Work to be completed ->
Starting at the first line of the entries below, please return exactly each line up to and including the one with "Homme portant une"; pictures stay out.
━━━━━━━━━━━━━━━━━━━━
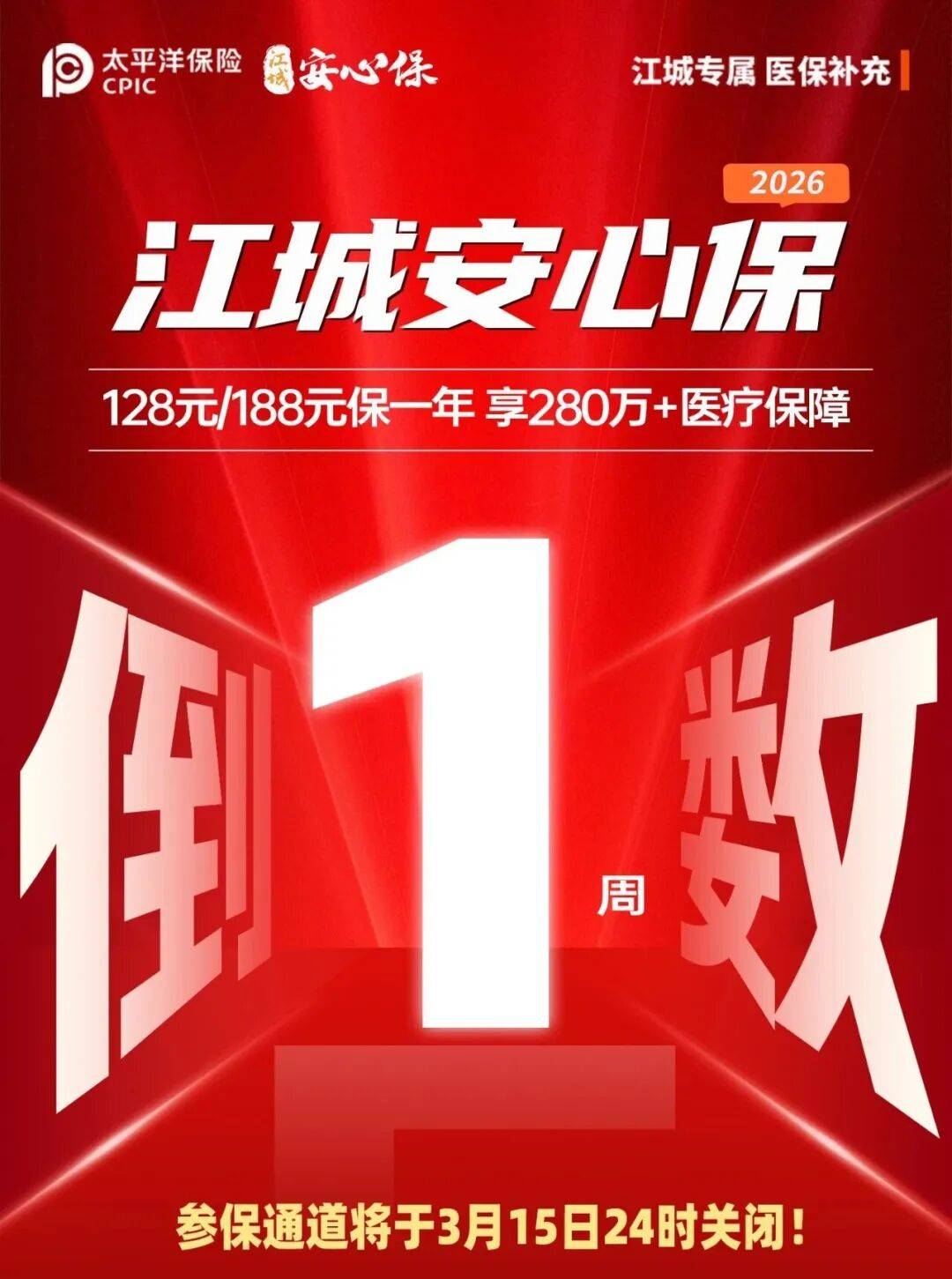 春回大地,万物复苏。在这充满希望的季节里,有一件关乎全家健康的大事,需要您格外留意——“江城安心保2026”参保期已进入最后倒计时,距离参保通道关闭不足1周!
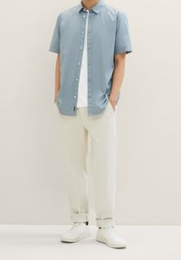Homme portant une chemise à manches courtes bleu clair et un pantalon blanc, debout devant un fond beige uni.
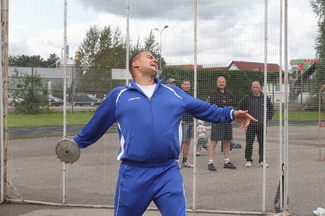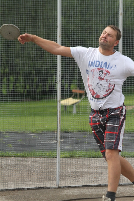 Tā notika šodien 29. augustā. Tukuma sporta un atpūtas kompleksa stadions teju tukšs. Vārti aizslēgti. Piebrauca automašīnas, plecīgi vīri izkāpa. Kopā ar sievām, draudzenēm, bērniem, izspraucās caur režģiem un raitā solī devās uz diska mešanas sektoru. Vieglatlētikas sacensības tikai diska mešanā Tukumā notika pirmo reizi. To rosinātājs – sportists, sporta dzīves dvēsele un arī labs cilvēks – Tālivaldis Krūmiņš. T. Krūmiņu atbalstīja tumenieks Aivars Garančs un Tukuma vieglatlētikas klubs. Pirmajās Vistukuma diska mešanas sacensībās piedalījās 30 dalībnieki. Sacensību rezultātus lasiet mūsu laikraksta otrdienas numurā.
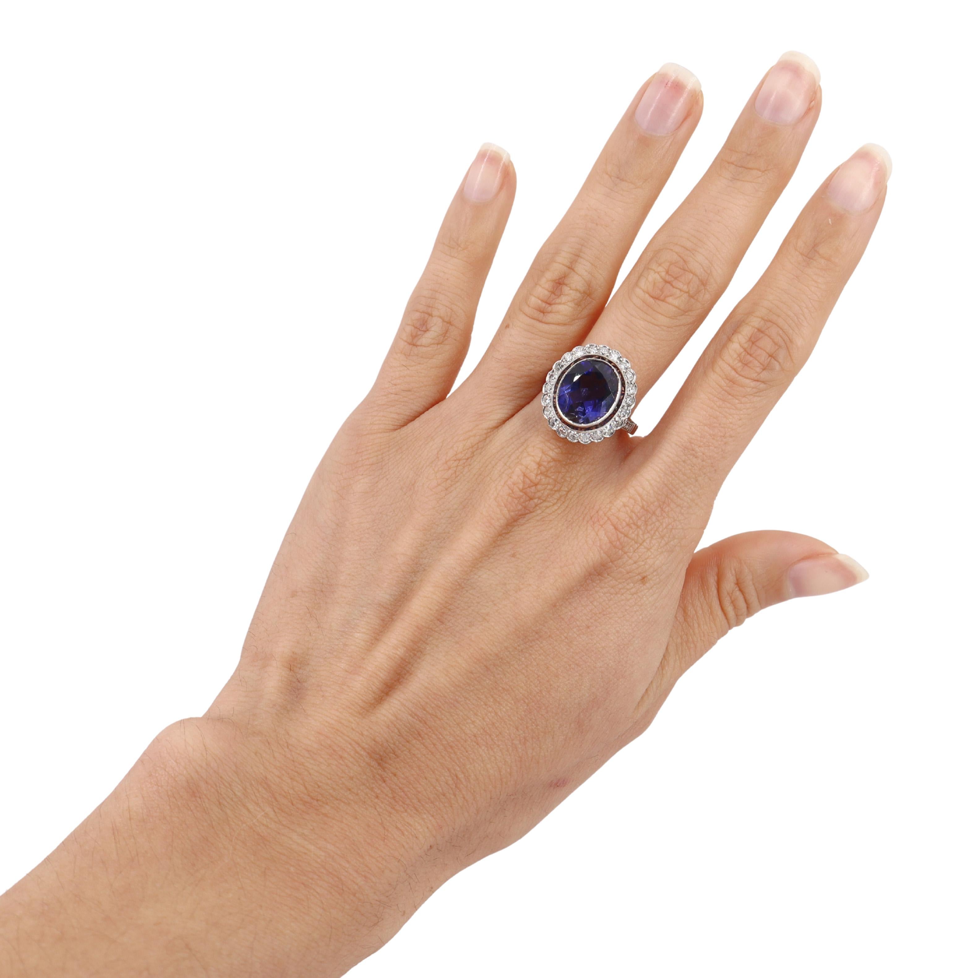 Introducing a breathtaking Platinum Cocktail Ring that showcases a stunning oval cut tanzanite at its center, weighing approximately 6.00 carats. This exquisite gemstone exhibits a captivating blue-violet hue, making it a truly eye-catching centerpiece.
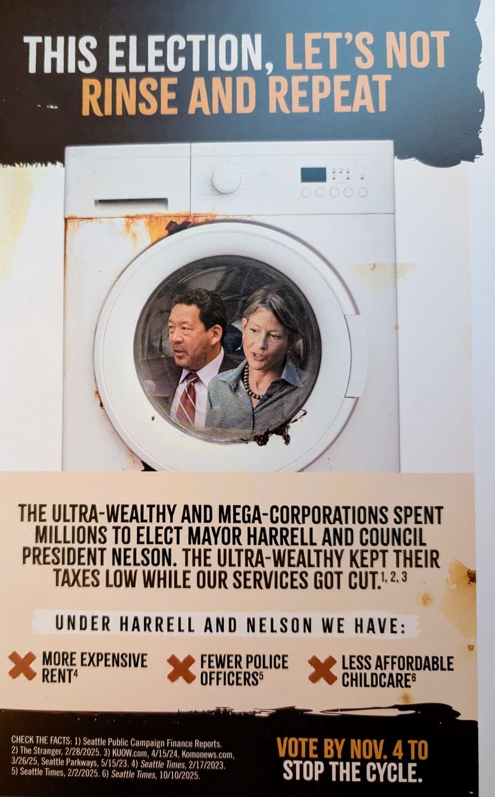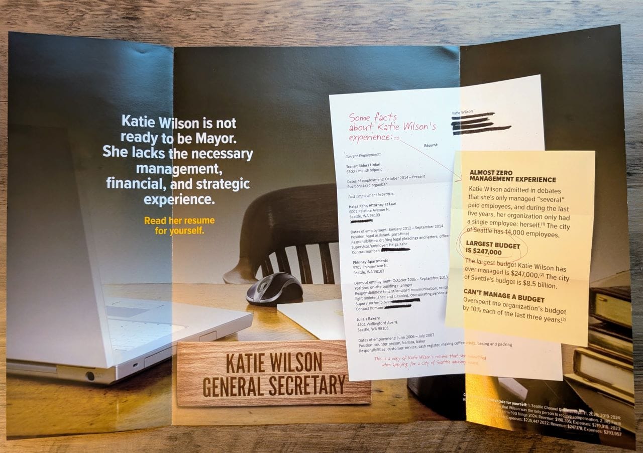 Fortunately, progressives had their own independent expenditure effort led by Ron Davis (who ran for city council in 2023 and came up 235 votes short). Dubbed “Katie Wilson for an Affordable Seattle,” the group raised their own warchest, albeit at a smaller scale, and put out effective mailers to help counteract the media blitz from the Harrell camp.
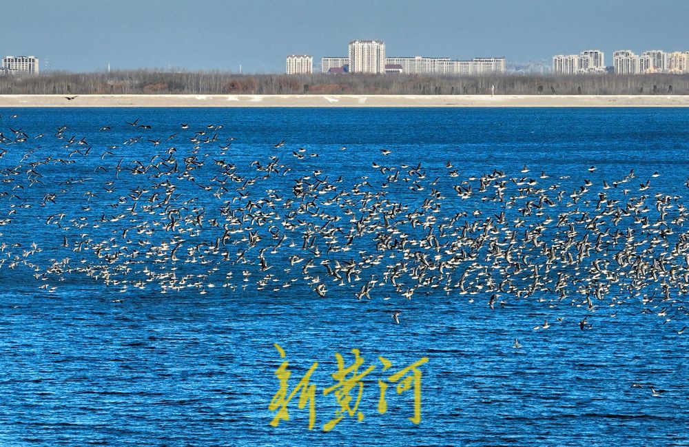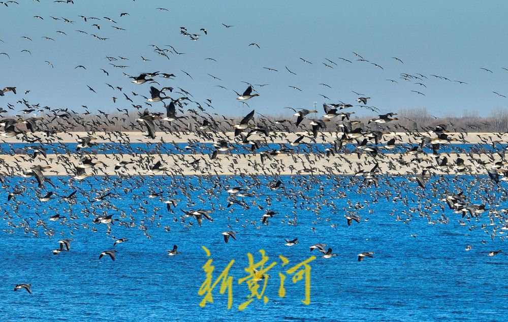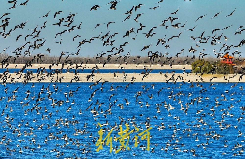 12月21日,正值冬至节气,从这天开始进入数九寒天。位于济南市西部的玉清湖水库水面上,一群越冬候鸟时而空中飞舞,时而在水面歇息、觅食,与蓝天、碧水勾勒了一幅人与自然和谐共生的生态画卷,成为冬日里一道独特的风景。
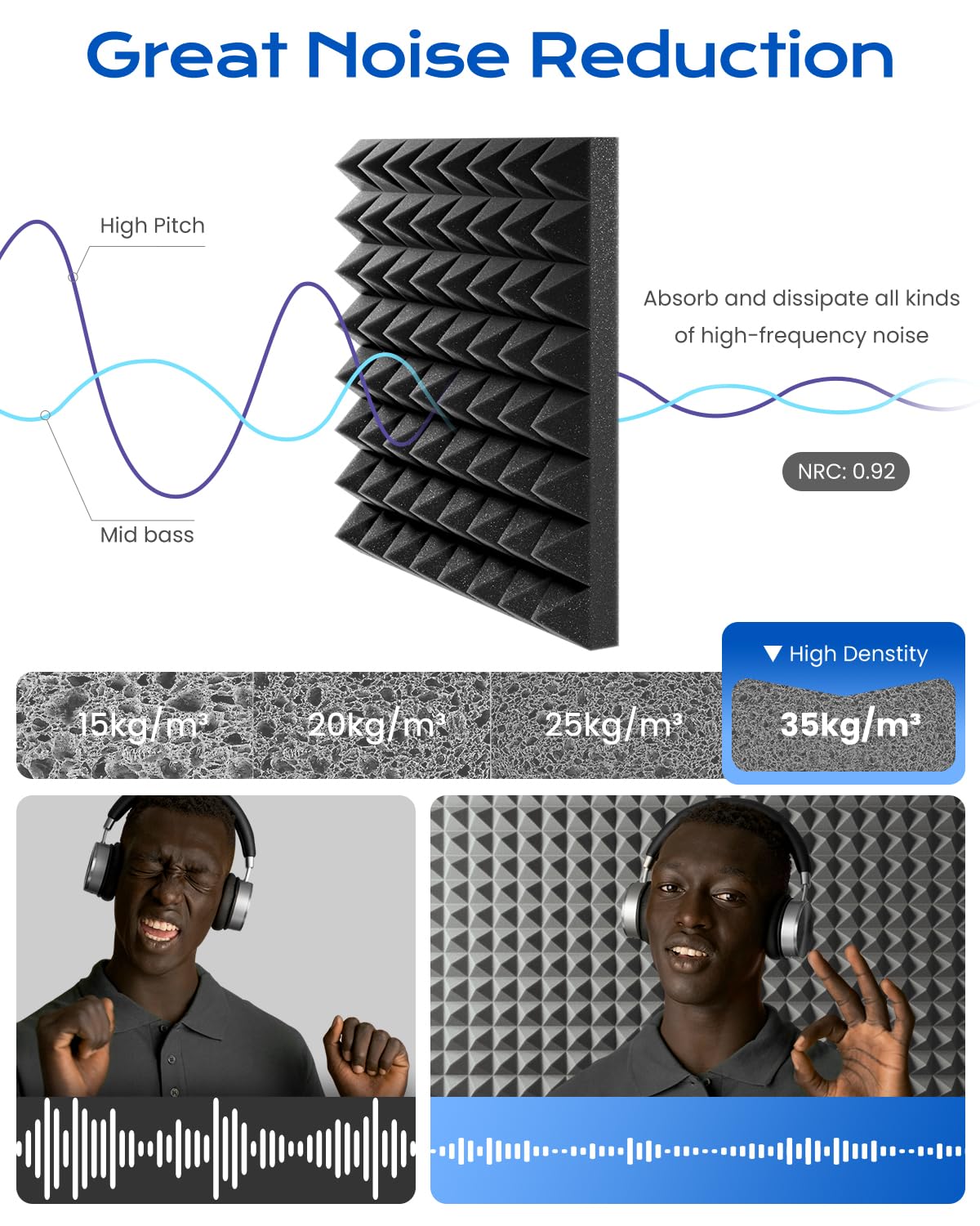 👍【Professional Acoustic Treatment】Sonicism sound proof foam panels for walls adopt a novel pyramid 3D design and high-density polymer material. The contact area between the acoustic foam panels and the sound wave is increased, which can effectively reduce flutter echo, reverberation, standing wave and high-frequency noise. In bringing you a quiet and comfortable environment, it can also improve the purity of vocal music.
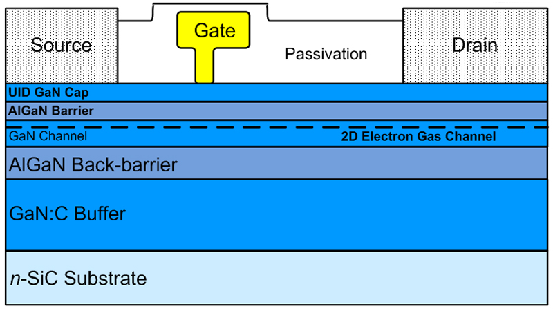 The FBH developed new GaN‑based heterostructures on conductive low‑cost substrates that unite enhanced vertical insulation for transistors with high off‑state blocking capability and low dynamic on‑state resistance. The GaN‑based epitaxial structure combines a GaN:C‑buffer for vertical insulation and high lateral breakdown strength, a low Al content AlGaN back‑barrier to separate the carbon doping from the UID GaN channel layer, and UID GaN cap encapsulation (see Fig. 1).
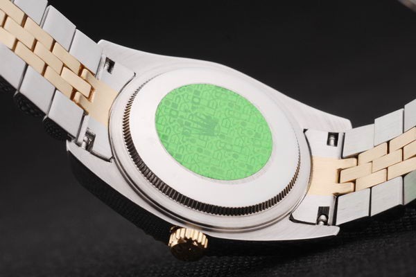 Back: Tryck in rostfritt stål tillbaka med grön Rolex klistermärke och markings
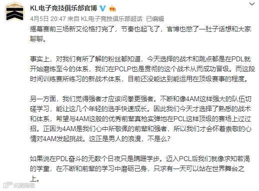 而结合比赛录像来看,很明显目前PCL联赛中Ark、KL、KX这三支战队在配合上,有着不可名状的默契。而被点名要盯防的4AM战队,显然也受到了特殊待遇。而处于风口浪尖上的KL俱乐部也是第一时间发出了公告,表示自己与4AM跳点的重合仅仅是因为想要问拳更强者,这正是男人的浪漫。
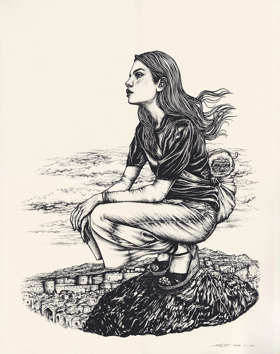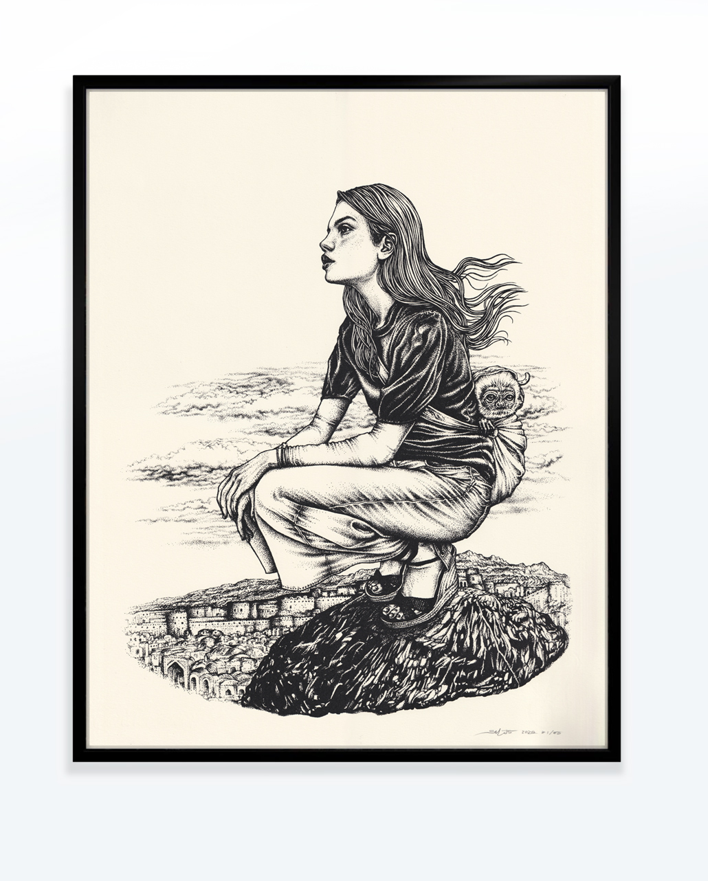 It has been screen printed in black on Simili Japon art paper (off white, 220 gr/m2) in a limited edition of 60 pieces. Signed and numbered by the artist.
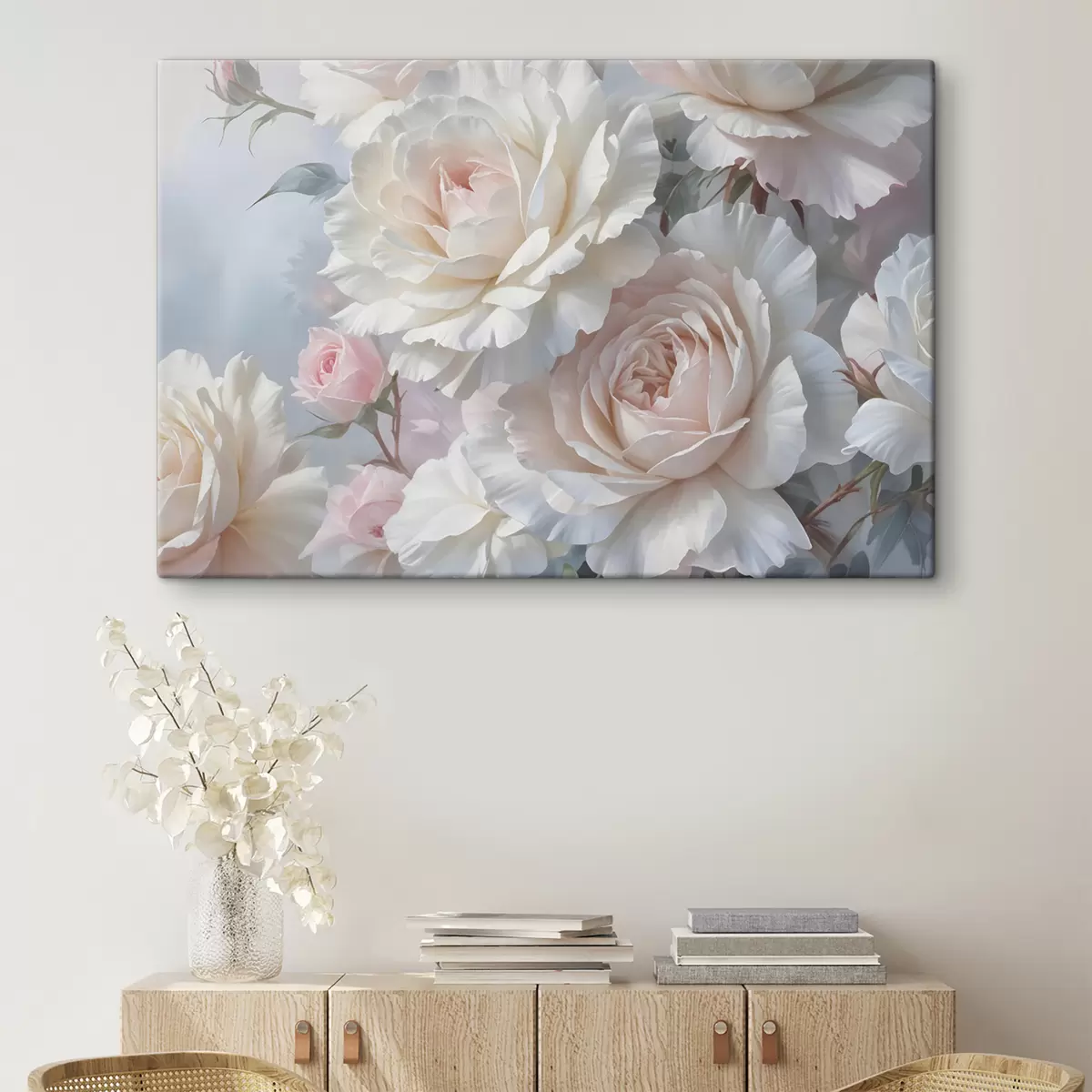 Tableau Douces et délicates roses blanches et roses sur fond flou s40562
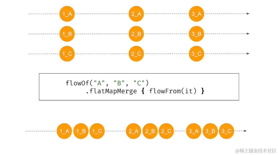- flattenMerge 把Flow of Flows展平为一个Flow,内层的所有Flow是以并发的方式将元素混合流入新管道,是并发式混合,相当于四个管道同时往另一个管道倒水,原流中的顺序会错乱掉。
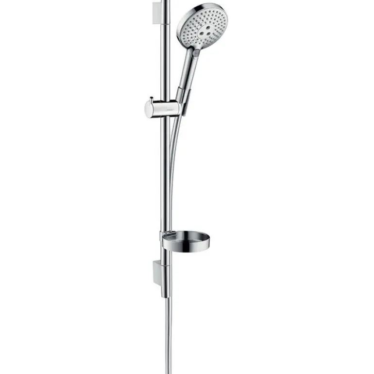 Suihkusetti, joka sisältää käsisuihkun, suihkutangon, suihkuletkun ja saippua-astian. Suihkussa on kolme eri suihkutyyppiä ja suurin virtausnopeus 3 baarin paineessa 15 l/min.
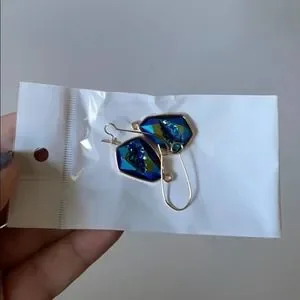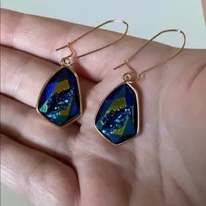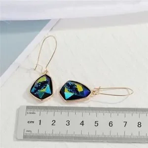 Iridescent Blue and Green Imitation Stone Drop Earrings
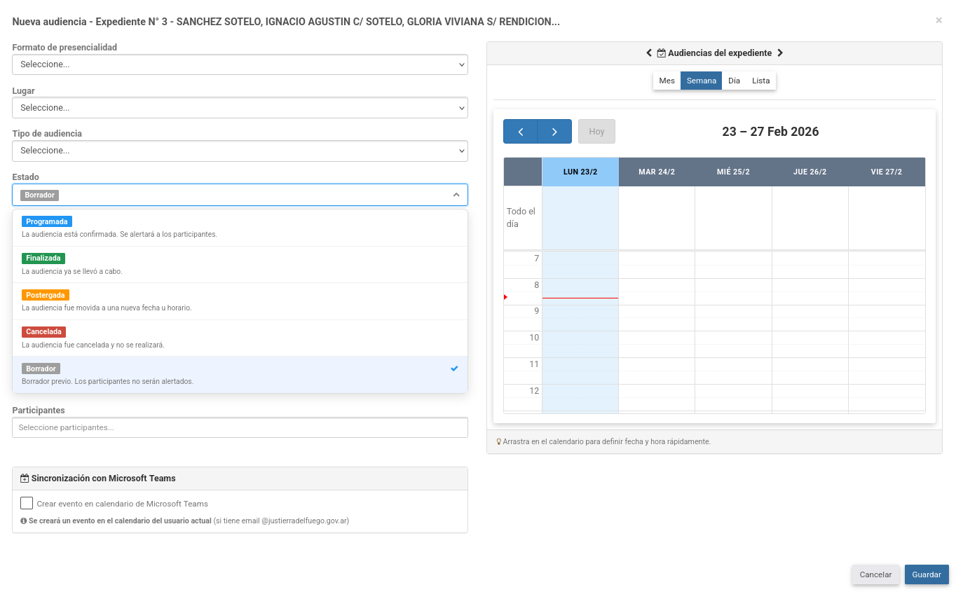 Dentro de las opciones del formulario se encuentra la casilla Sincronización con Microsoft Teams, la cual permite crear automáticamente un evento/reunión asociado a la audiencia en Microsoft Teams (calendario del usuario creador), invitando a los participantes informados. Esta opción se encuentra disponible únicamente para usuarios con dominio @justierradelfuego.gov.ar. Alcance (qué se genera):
━━━━━━━━━━━━━━━━━━━━
Answer for the task ->
 春回大地,万物复苏。在这充满希望的季节里,有一件关乎全家健康的大事,需要您格外留意——“江城安心保2026”参保期已进入最后倒计时,距离参保通道关闭不足1周!
Homme portant une chemise à manches courtes bleu clair et un pantalon blanc, debout devant un fond beige uni.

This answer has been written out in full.